═══ STORED DATA
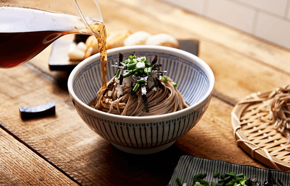 It is a Japanese buckwheat noodle dish made by dissolving pickled radish and wasabi in a tsuyu broth made with bonito flakes and soy sauce, and dipping or dipping the noodles into the soup
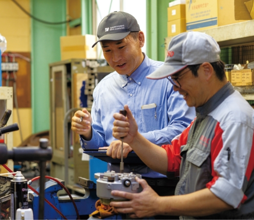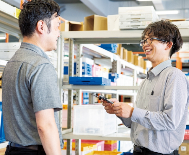 機器グループは様々な商品をメーカーから仕入れ、お客様に販売する商社的な役割りをします。幅広い分野の商品を扱うだけでなく、専門知識が必要な商品や、お客様のご要望に合う最適な商品の選定・ご提案をします。専門性・柔軟な対応力・きめ細かなサポートを心がけ、日々生産現場に訪問。お客様との信頼関係を築いて行きます。常にお客様を第一に考え、ともに歩み、喜んで頂けることを目指しています。
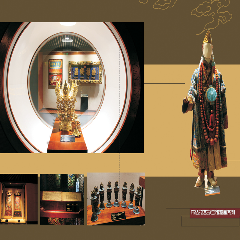 布達拉宮珍寶館展出宮藏文物200件左右,其中包括封誥、印鑒、禮品、文獻典籍、貝葉經(jīng)、佛像、唐卡、法器等。布達拉宮珍寶館有14世紀(jì)制造的“八瓣蓮花喜金剛壇城像”。2009年8月11日正式對外開放。
══════
**DIRECTIONS FOR THIS TASK**
Pictures aside, give the data again exactly as it appears.

**RESPONSE TO THE TASK**
 It is a Japanese buckwheat noodle dish made by dissolving pickled radish and wasabi in a tsuyu broth made with bonito flakes and soy sauce, and dipping or dipping the noodles into the soup
 機器グループは様々な商品をメーカーから仕入れ、お客様に販売する商社的な役割りをします。幅広い分野の商品を扱うだけでなく、専門知識が必要な商品や、お客様のご要望に合う最適な商品の選定・ご提案をします。専門性・柔軟な対応力・きめ細かなサポートを心がけ、日々生産現場に訪問。お客様との信頼関係を築いて行きます。常にお客様を第一に考え、ともに歩み、喜んで頂けることを目指しています。
 布達拉宮珍寶館展出宮藏文物200件左右,其中包括封誥、印鑒、禮品、文獻典籍、貝葉經(jīng)、佛像、唐卡、法器等。布達拉宮珍寶館有14世紀(jì)制造的“八瓣蓮花喜金剛壇城像”。2009年8月11日正式對外開放。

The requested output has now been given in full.